Absalom, Absalom ~ A Capsule Book Review

1936 first edition cover
1936 first edition cover

Absalom, Absalom by William Faulkner~ A Capsule Book Review by Allen Kopp 

William Faulkner (1897-1962) is arguably the best American novelist of the twentieth century, the supreme literary stylist. His works are deep, cerebral, rich and complex. His style is dense, sometimes fragmented, wordy and difficult to read. He has the longest sentences and the longest paragraphs of any other writer. If you are trying to follow the thread of a sentence, you might have to go back and break it down into its many parts to figure out exactly what is being said. If reading a novel by Faulkner is frustrating and tedious at times (a painful slog), you must also know that it is worth the effort or you wouldn’t be doing it.

When I first started reading Faulkner’s 1936 novel, Absalom, Absalom, I found the first chapter (told in the voice of Miss Rosa Coldfield in 1909 when she is 64 years old) so difficult that I almost gave up. If you are able to make it through the first chapter, however, the following chapters are easier. Not easy, but not quite as difficult. (There’s no linear structure to the novel.)

Absalom, Absalom is the multilayered family saga of the Sutpen and Coldfield families in the American South in the decades leading up to the Civil War. Thomas Sutpen confounds the town of Jefferson, Mississippi—and particularly the Coldfield family—when he comes from nowhere and acquires a huge tract of land, called the Sutpen Hundred (square miles, not acres), and builds an enormous house on the edge of a swamp with the help of his band of wild black men and a French architect, who he more or less treats as a captive.

For years after the house is built, Thomas Sutpen entertains a band of his male friends with wild hunting and drinking parties and wrestling matches, until the day arrives when he decides he wants to acquire respectability in the form of a wife and children.

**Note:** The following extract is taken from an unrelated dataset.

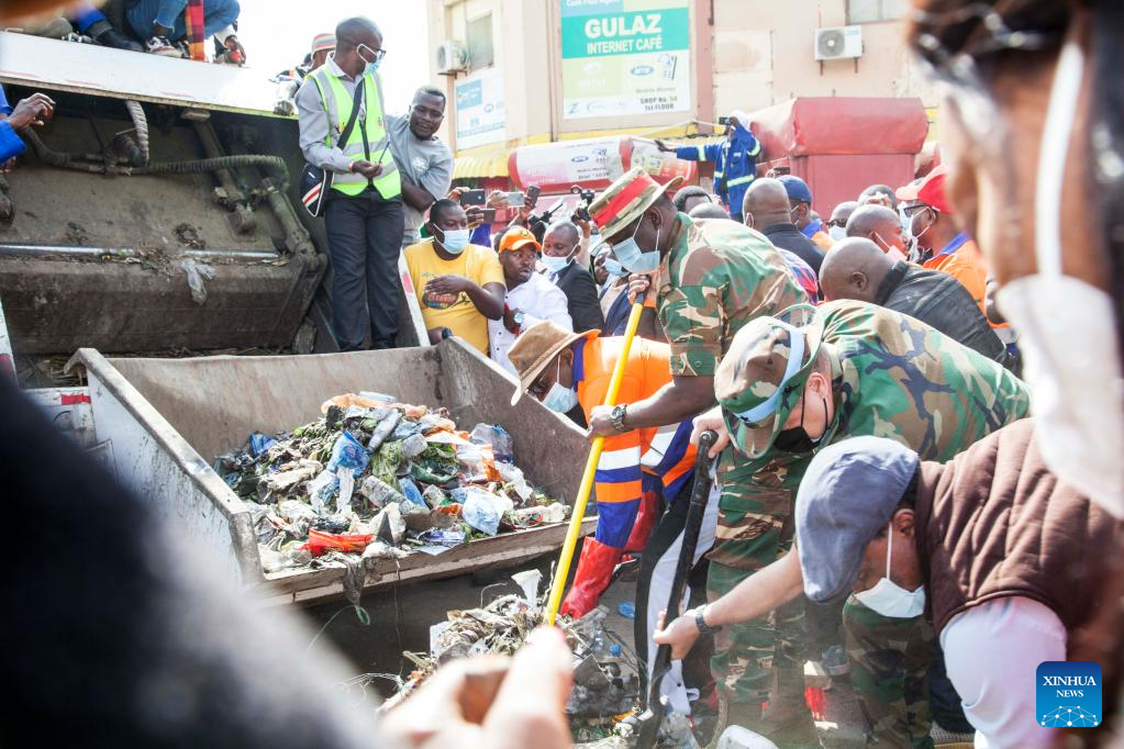 People take part in a cleaning activity on the Kaunda Day in Lusaka, Zambia, on April 28, 2022. Zambians on Thursday marked the inaugural Kaunda Day in honor of the country's founding leader Kenneth Kaunda with a call to promote the value of unity that he espoused. (Photo by Martin Mbangweta/Xinhua)

He drives away his male friends and proposes to a town girl named Ellen Coldfield. (Faulkner compares her throughout the novel to a butterfly.)

To the unlikely union between Thomas Sutpen and Ellen Coldfield are born Henry and Judith. (Thomas Sutpen also has a half-black daughter named Clytemnestra, or “Clytie,” that he had with a slave woman.) Ellen Coldfield has a sister, Miss Rosa Coldfield, who is twenty-seven years younger than she is (younger than her own children). The first part of the story is being told by the elderly Rosa Coldfield to Quentin Compson, whose grandfather was the best friend of Thomas Sutpen. The part that Rosa Coldfield plays in the novel is more of an observer than active participant in what is going on.

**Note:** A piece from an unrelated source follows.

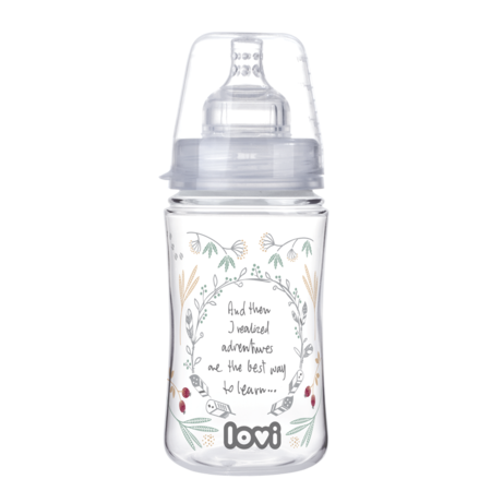 LOVI Trends Flasche für die Ernährung von Babys mit Muttermilch. Mit effektiven Designs bedruckt auf dem neuesten Stand der Trends. Ausgestattet mit einem einzigartigen Dynamic Feeding Teat® mit dünnem, vorstehendem Ende, einem harten, profilierten Boden und SUPERvent Luftauslasssystem. Erhältlich in zwei Kollektionen: Indian Summer und Botanic. Die Flasche ist mit allen LOVI Brustpumpen kompatibel.

When Henry Sutpen is grown (or almost grown), he goes away to college in Oxford, Mississippi. There he meets and becomes good friends with one Charles Bon. Charles is older and more worldly-wise and sophisticated than Henry. (Henry is clearly infatuated with Charles Bon. Faulkner later suggests more than just simple friendship between the two, especially on Henry’s part.) When Henry writes home about Charles Bon, his mother immediately sees Charles as a likely husband for Judith. Charles visits the Sutpen home with Henry on more than one occasion. His interest in Judith seems perfunctory. Will he propose to her or won’t he? We learn later a dark secret about Charles Bon, which I won’t reveal here, and that his association with the Sutpen family is part of an elaborate scheme of revenge. This element of the story drives the narrative for much of the second half of the novel.

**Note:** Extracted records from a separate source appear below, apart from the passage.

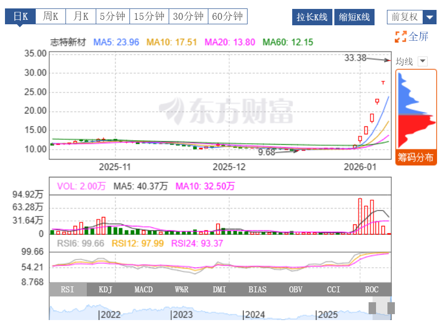 1月12日晚間,江西志特新材料股份有限公司(以下簡(jiǎn)稱“志特新材”,300986.SZ)發(fā)布公告稱,公司股票自2026年1月5日至1月12日連續(xù)6個(gè)交易日漲停,漲幅為198.57%,股價(jià)波動(dòng)較大。為維護(hù)投資者利益,公司將就股票交易波動(dòng)情況進(jìn)行核查。經(jīng)申請(qǐng),公司股票自1月13日開(kāi)市起停牌,預(yù)計(jì)停牌時(shí)間不超過(guò)3個(gè)交易日。公司提醒投資者注意二級(jí)市場(chǎng)交易風(fēng)險(xiǎn)。
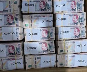 La pintura, que mide dos metros y que fue pintada a mano en acrílico y pastel de cera, está enmarcada en una caja veneciana de madera recubierta con oro.
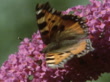 GVs of a Small Tortoiseshell butterfly on a butterfly bush flower; 1981 - stock video

The Civil War obtrudes upon the lives of the characters. The three principal male characters (Thomas Sutpen, Henry Sutpen, Charles Bon) all find themselves in battle. (Thomas Sutpen achieves the rank of colonel.) The war, of course, doesn’t turn out the way many Southerners hoped it would or expected it would. (Faulkner points out that the Southern army had the highest mortality rate of any army in history.) The men who survive, defeated not only in war but also in spirit, return home starving and in tatters to discover that everything they loved or cared about has been swept away. It is this defeat that is subtext to everything else.

Absalom, Absalom (the name derives from a character in the Bible) is a dark story, full of revenge, incest (or almost incest), miscegenation, family secrets, hubris, intentions gone awry, class distinction, loss and suffering. There’s no redemption for anybody, no life-affirming conclusion. Nobody writes about these things (or about the South) the way Faulkner does.